- EXERCISE BRIEF
Copy out the listing in full, exactly as written, but not its pictures.

- PROVIDED ENTRIES
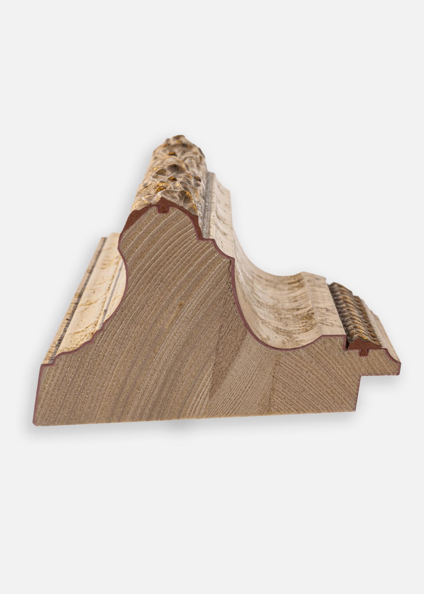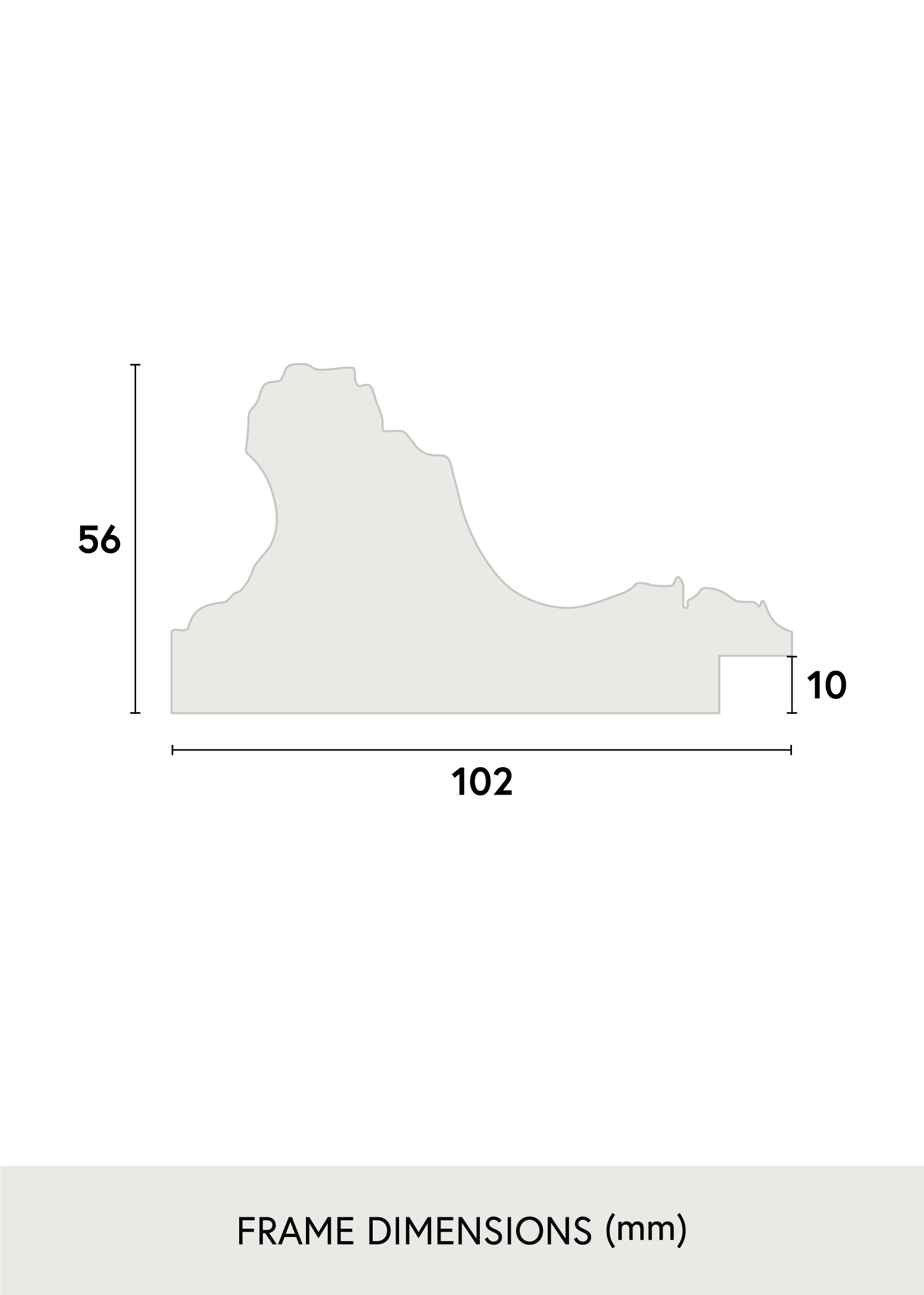 Το ευρύ προφίλ της, στα 102 mm, προσδίδει στην κορνίζα μια εντυπωσιακή παρουσία, ενώ το βάθος της στα 56 mm δημιουργεί ένα στιβαρό και σταθερό πλαίσιο. Τα μικρά κοσμήματα σε σχήμα μαργαριταριού κατά μήκος της εσωτερικής άκρης προσθέτουν μια διακριτική, κλασική πινελιά που ενισχύει την συνολική εικόνα. Η εξωτερική άκρη διακοσμείται με ένα κυματοειδές σχέδιο φύλλων, που προσδίδει έναν σοφιστικέ και διαχρονικό χαρακτήρα στο πλαίσιο.
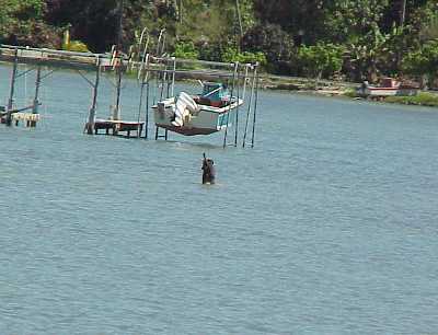Our guide pointed out one of the "fishing dogs" who have learned to catch fish out in the shallow lagoon. He claimed that because they can feed themselves this way, there are as many dogs as people on Bora Bora. (The population is just over 6000 people.) |
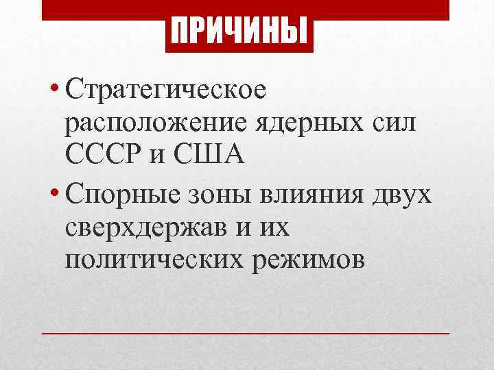 ПРИЧИНЫ • Стратегическое расположение ядерных сил СССР и США • Спорные зоны влияния двух сверхдержав и их политических режимов
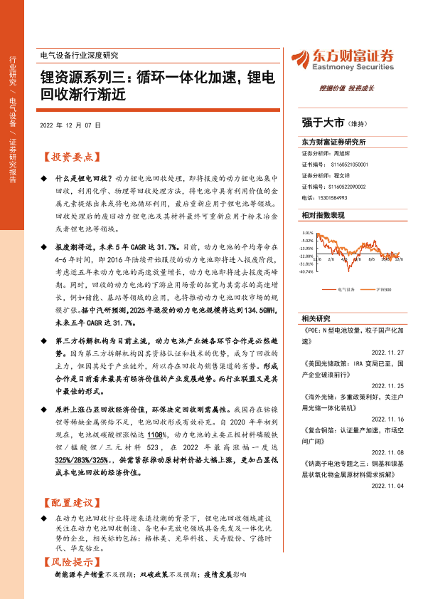 【东方财富证券】【20221207】电气设备行业深度研究:锂资源系列三:循环一体化加速,锂电回收渐行渐近-26页
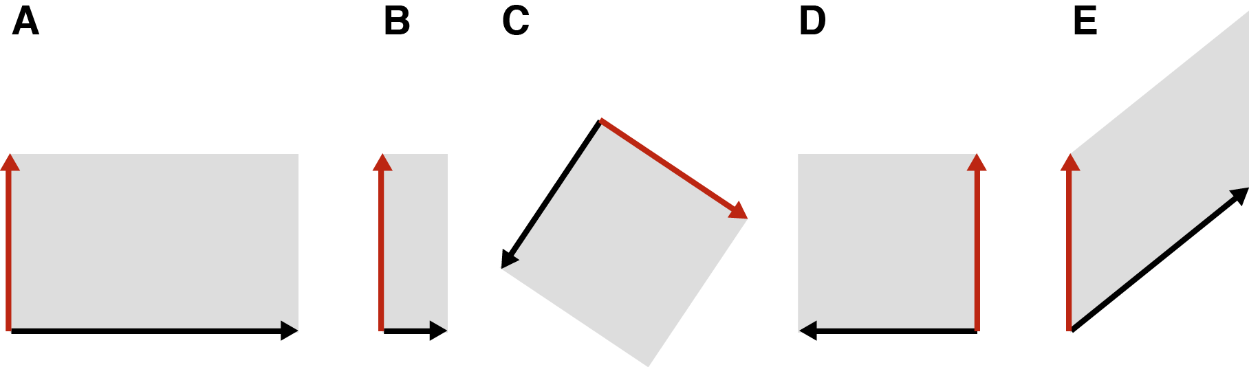 2x2 행렬은 평면의 점을 선형 변환(linear transformation)하는 연산자로 볼 수 있다. (A) 늘이기(stretching), (B) 줄이기 (compression), ((C) 회전(rotation), (D) 반사(reflection), (E) 전단(shear)으로 나타낼 수 있다.
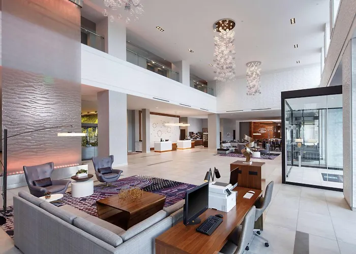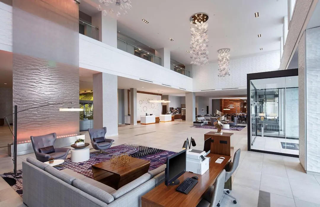 Embassy Suites offers a 24-hour business center, meeting rooms, and concierge services for corporate travelers. Self-parking and valet parking are available. The hotel is pet-friendly, allowing medium-sized pets with a deposit.
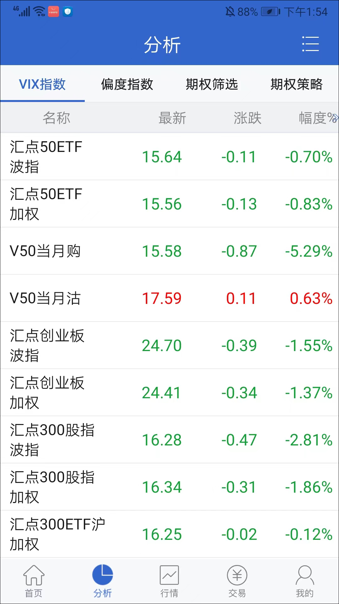 2、在分析界面,可看到不同期权的VIX指数、偏度指数、期权筛选和期权策略等期权类型分析,
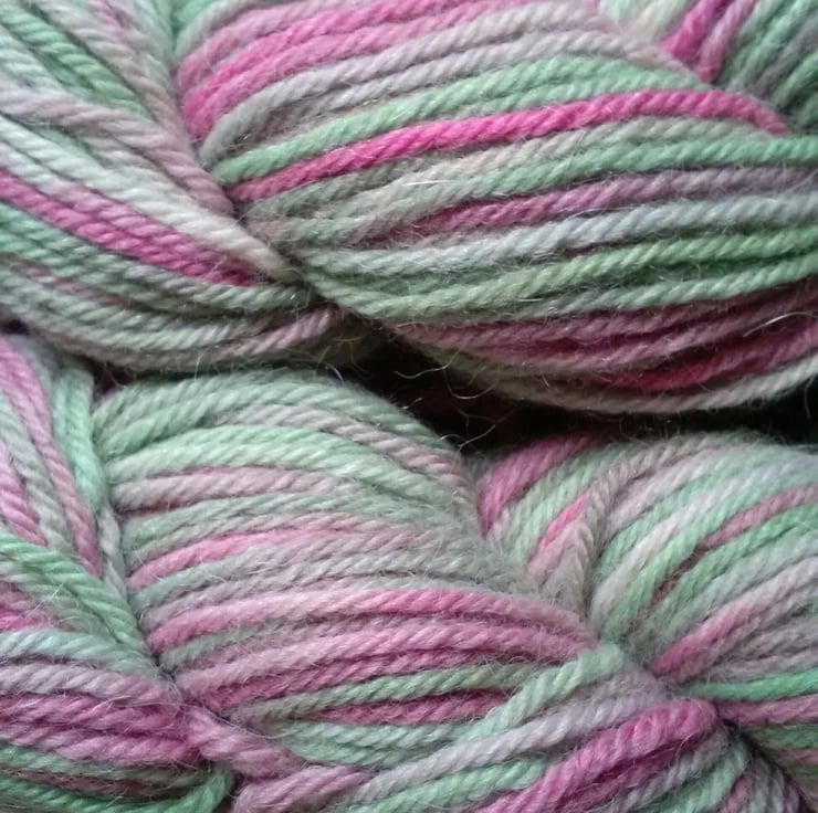 This hand dyed wool Alpaca blend is a light and bright mix of pale to medium pinks with minty Green It is lovely and soft and would be suitable for baby items, a little cardi or a shawlette.
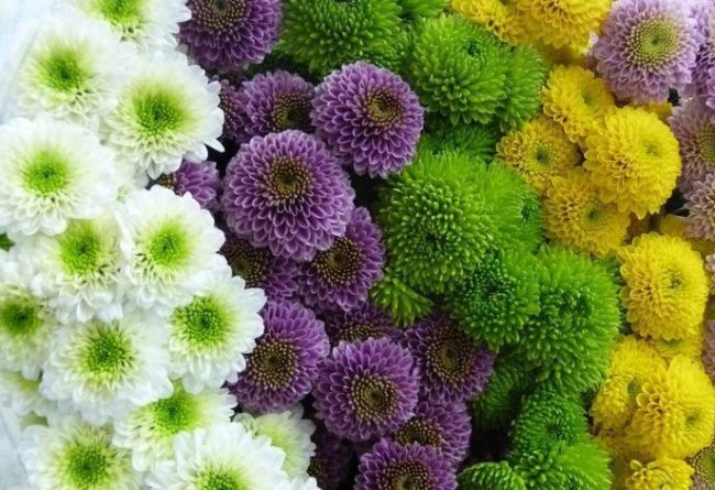Les obtenteurs ont développé plus de 200 variétés de chrysanthèmes, chacune se distinguant par la couleur unique de ses fleurs. Les fleurs sont roses, blanches, jaunes et d'autres couleurs.
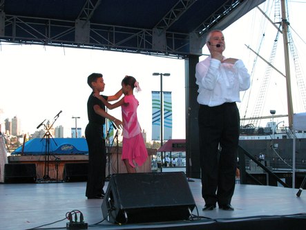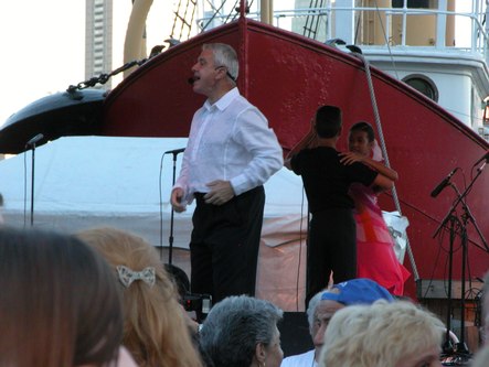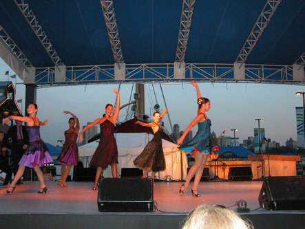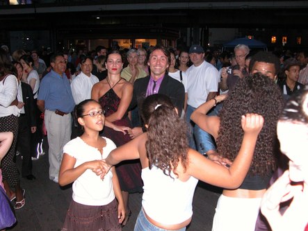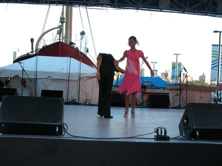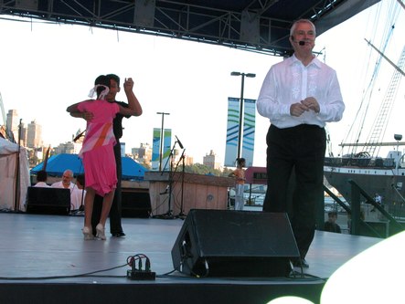 The weather was perfect for dancing outdoors. Tonight was a triple bill featuring a dance lesson by Pierre Dulaine in Mambo, Cha-cha and Merengue, a performance by Ballet Hispanico, and live Salsa music by Tito Rodriguez Jr. The event was presented by the Joyce Theater as part of the River to River Festival.
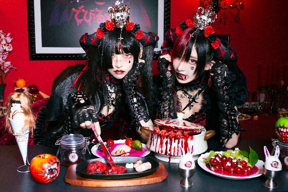 漆黒の赤薔薇の中に咲き誇るスカルクラウンと、ツインテールも可愛く絡みつく編み上げリボン

- EXERCISE ANSWER
 Το ευρύ προφίλ της, στα 102 mm, προσδίδει στην κορνίζα μια εντυπωσιακή παρουσία, ενώ το βάθος της στα 56 mm δημιουργεί ένα στιβαρό και σταθερό πλαίσιο. Τα μικρά κοσμήματα σε σχήμα μαργαριταριού κατά μήκος της εσωτερικής άκρης προσθέτουν μια διακριτική, κλασική πινελιά που ενισχύει την συνολική εικόνα. Η εξωτερική άκρη διακοσμείται με ένα κυματοειδές σχέδιο φύλλων, που προσδίδει έναν σοφιστικέ και διαχρονικό χαρακτήρα στο πλαίσιο.
Our guide pointed out one of the "fishing dogs" who have learned to catch fish out in the shallow lagoon. He claimed that because they can feed themselves this way, there are as many dogs as people on Bora Bora. (The population is just over 6000 people.) |
 ПРИЧИНЫ • Стратегическое расположение ядерных сил СССР и США • Спорные зоны влияния двух сверхдержав и их политических режимов
 【东方财富证券】【20221207】电气设备行业深度研究:锂资源系列三:循环一体化加速,锂电回收渐行渐近-26页
 2x2 행렬은 평면의 점을 선형 변환(linear transformation)하는 연산자로 볼 수 있다. (A) 늘이기(stretching), (B) 줄이기 (compression), ((C) 회전(rotation), (D) 반사(reflection), (E) 전단(shear)으로 나타낼 수 있다.
 Embassy Suites offers a 24-hour business center, meeting rooms, and concierge services for corporate travelers. Self-parking and valet parking are available. The hotel is pet-friendly, allowing medium-sized pets with a deposit.
 2、在分析界面,可看到不同期权的VIX指数、偏度指数、期权筛选和期权策略等期权类型分析,
 This hand dyed wool Alpaca blend is a light and bright mix of pale to medium pinks with minty Green It is lovely and soft and would be suitable for baby items, a little cardi or a shawlette.
Les obtenteurs ont développé plus de 200 variétés de chrysanthèmes, chacune se distinguant par la couleur unique de ses fleurs. Les fleurs sont roses, blanches, jaunes et d'autres couleurs.
 The weather was perfect for dancing outdoors. Tonight was a triple bill featuring a dance lesson by Pierre Dulaine in Mambo, Cha-cha and Merengue, a performance by Ballet Hispanico, and live Salsa music by Tito Rodriguez Jr. The event was presented by the Joyce Theater as part of the River to River Festival.
 漆黒の赤薔薇の中に咲き誇るスカルクラウンと、ツインテールも可愛く絡みつく編み上げリボン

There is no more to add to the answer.